Key Experimental Results¶

Main Results¶

Representative datasets and benchmarks (selected from Table 4):

Area	Representative Benchmark	Representative Work
Embodied AI	PARTNR / MINT / IGLU / TaPA	PARTNR (Chang 2024), TaPA (Wu 2023)
Conversational	WEBLINX / Ask-before-Plan / WildSeek	Co-STORM, ReHAC, WebLINX
Software Dev	ConvCodeWorld / ColBench / RECODE-H	SWEET-RL, ConvCodeWorld, RECODE-H
Gaming	CuisineWorld / MineWorld	MindAgent, MineWorld
Healthcare	EmoEval / GenoTEX	EmoAgent, GenoMAS
Retail / Travel	τ-Bench / τ2-Bench / UserBench	τ-Bench (Yao 2025), UserBench (Qian 2025)
Finance	FinArena-Low-Cost	FineArena
Web / Computer Use	InterruptBench	InterruptBench (Zou 2026)

Comparison of representative LLM-HAS frameworks:

Framework	Interaction Type	Key Features
Collaborative Gym	Async + Collab	Evaluates both outcome and interaction quality
COWPILOT	Sync + Suggest-then-Execute	Web navigation with human supervision
DPT-Agent	Real-time Sync	Based on Dual Process Theory (fast/slow systems)

Ablation Study (Ability comparison by Human Feedback dimensions)¶

Feedback Type	Collection Difficulty	Signal Precision	Representative Work
Evaluative	Low (Scoring/Preference)	Weak; lacks credit assignment	MINT, EmoAgent
Corrective	Medium (Edits/Review)	Strong; supports direct learning	SymbioticRAG, AI Chains
Guidance	Med-High (Demos/Instr)	Strong; enables bootstrapping	Ask-before-Plan
Implicit	Low (Behavior Observation)	Weak and ambiguous	MTOM, MineWorld

Key Findings¶

Current LLM-HAS research is heavily agent-centered. Humans are mostly perceived as passive evaluators. Scenarios where agents actively observe or teach humans are nearly non-existent.
The gap between "simulated users" (using LLMs) and real humans remains unquantified. Simulated users rarely exhibit the grammatical errors or ambiguity common in real human interaction.
Evaluation is biased toward task accuracy. Hardly any benchmarks measure "human workload" or "coordination cost," potentially masking systems that improve accuracy by over-burdening the human.
Safety is frequently neglected.
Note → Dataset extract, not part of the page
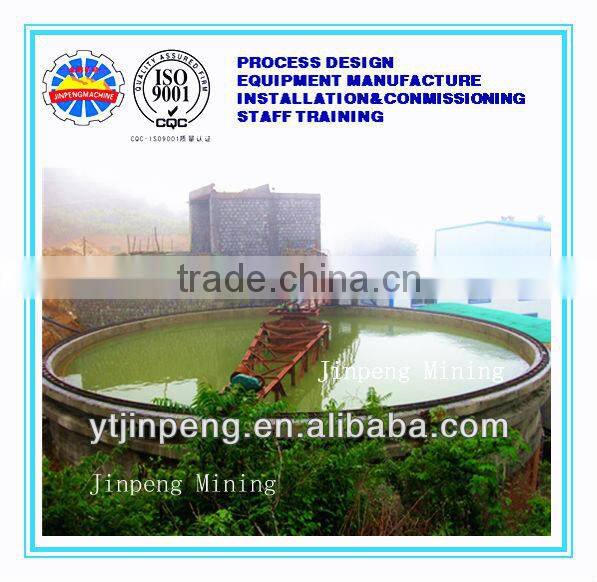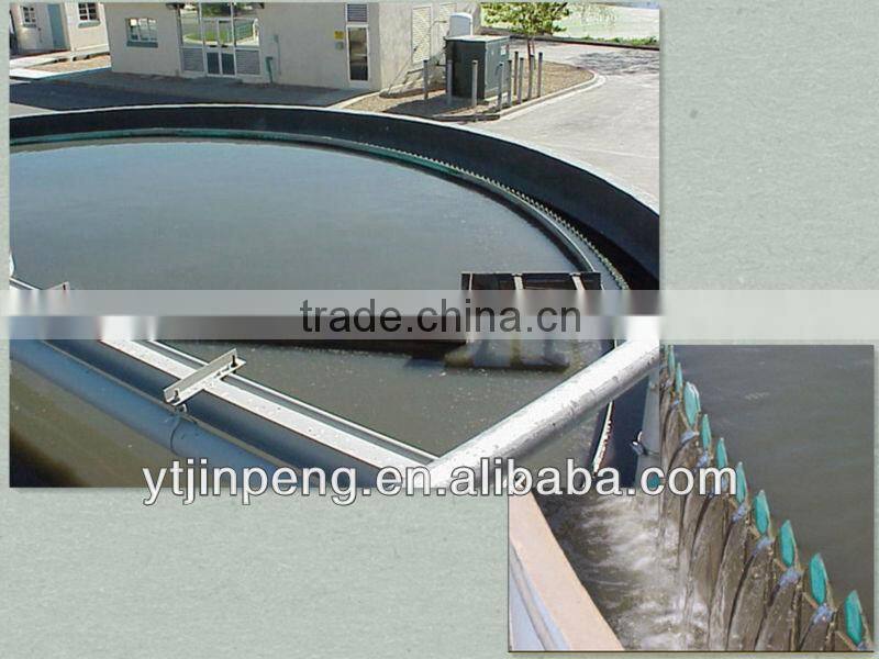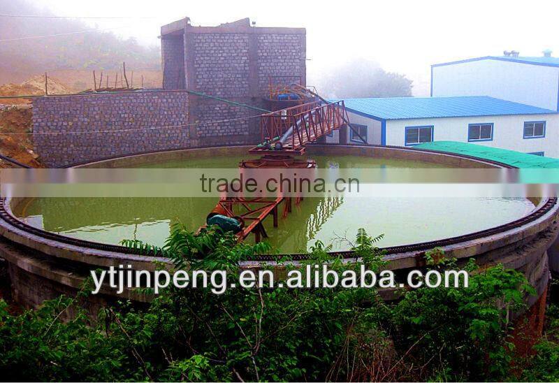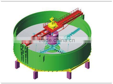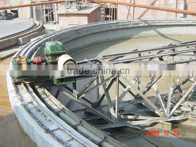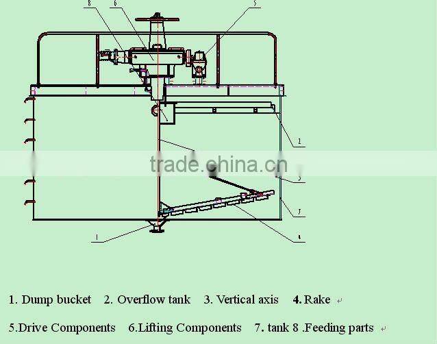In the bottom center of a discharge concentration of the product discharge bucket, pond surrounding the upper ring with the overflow tank. Concentrated in the central pool has a vertical axis, the axis of the cross at the end of a fixed frame rake, rake the following aircraft equipped with a scraper. Rake into a horizontal plane and 8 ° -15 °. Fixed by the vertical axis in the truss on the motor reducer by the middle gear driven rotary. When the vertical axis rotation, the pulp along the truss to the mine shafts into the center of the bowl pool, and to concentrate around the pool flows. Pulp in the settlement of solid particles gradually condensed into the bottom of the pool by the following scraper plane rake scraping into the center of the pool discharge bucket with sand pump. To clarify the above clarificationwater from the Department of the Central Bank out of the overflow tank. In the thickener have been concentrated load or materials, the discharge will fight blockage and rake frame distortion. To prevent this phenomenon, there are signals of safety devices and equipment to upgrade rake frame.

Most works do not address risks like prompt injection or interrupt safety within the collaboration loop.

Highlights & Insights¶

The "5-dimension taxonomy + Human Agency Scale" provides a paradigmatic contribution by shifting human-agent interaction from a collection of scattered works to a structured coordinate system.
The 3D classification of human feedback is highly actionable for design space exploration, allowing researchers to precisely characterize their feedback mechanisms.
The emphasis on "Augmentation over Automation" provides a timely correction to the current trend in the LLM agent community toward total autonomy.
The proposed open challenges (Human Flexibility, Agent-Centered Bias, Evaluation, Safety) serve as a roadmap for next-generation benchmark construction.
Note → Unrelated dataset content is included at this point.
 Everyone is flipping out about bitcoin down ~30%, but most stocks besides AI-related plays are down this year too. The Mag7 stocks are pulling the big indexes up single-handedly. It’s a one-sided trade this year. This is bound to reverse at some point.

Limitations & Future Work¶

The survey primarily adopts an NLP/Agent-centric perspective, potentially overlooking cross-disciplinary nuances from cognitive science.
Some redundancy exists between dimensions (e.g., Implicit Feedback vs. Communication via Observation).
It does not offer a "configuration prescription" (e.g., suggesting specific feedback/agency levels for healthcare vs. gaming).
Future work could develop a regression model that inputs task attributes to automatically recommend the optimal Human Agency level.
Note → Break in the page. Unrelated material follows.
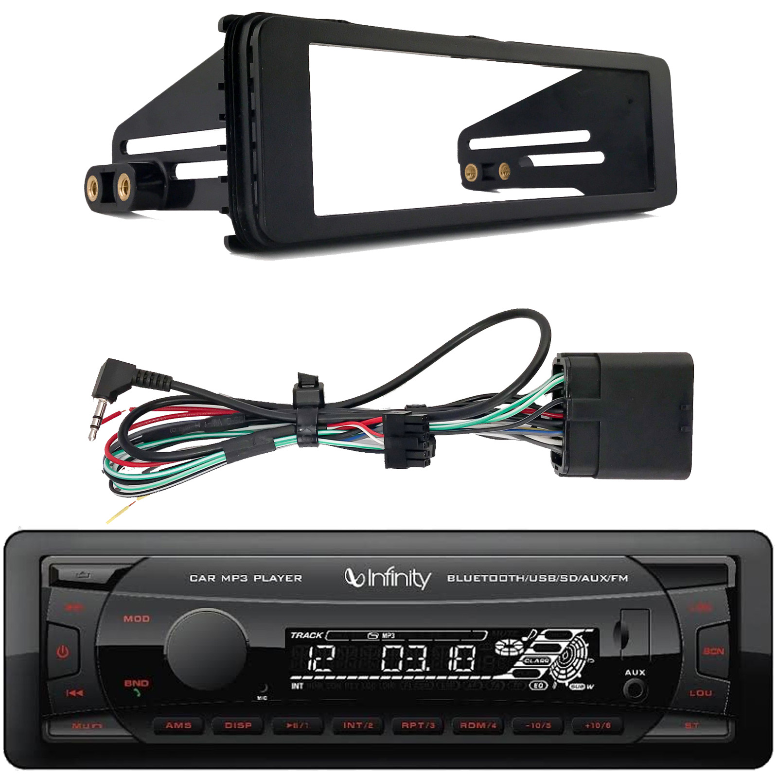 • PACKAGE BUNDLE INCLUDES: Infinity Alpha 100 Single DIN Bluetooth USB/AUX SD MP3 Player FM Radio Digital Media Receiver, Single-DIN Stereo Installation Kit Fits 1998-2013 Harley Davidson Motorcycles Models, HD Touring

vs. LLM Multi-Agent Surveys: Those focus on agent-agent communication; this work elevates the "human" to a first-class agent within the same conceptual framework.
vs. Core LLM Agent Surveys: Those focus on internal modules (memory/planning); this work focuses on interaction dimensions.
vs. Traditional HITL ML: HITL is usually about data labeling for supervised learning; LLM-HAS focuses on the decision loop and dynamic reasoning.
vs. Human-AI Teaming (HCI): This work provides a system-centric perspective that complements user-centric HCI views.

Rating¶

Novelty: ⭐⭐⭐⭐ (First survey to comprehensively cover LLM-HAS with a structured analysis framework).
Experimental Thoroughness: ⭐⭐⭐⭐ (Comprehensive mapping of datasets/frameworks across 50+ works).
Writing Quality: ⭐⭐⭐⭐ (Clear hierarchy and unified terminology).
Value: ⭐⭐⭐⭐⭐ (Establishes the foundational landscape for the critical but neglected area of human-agent collaboration).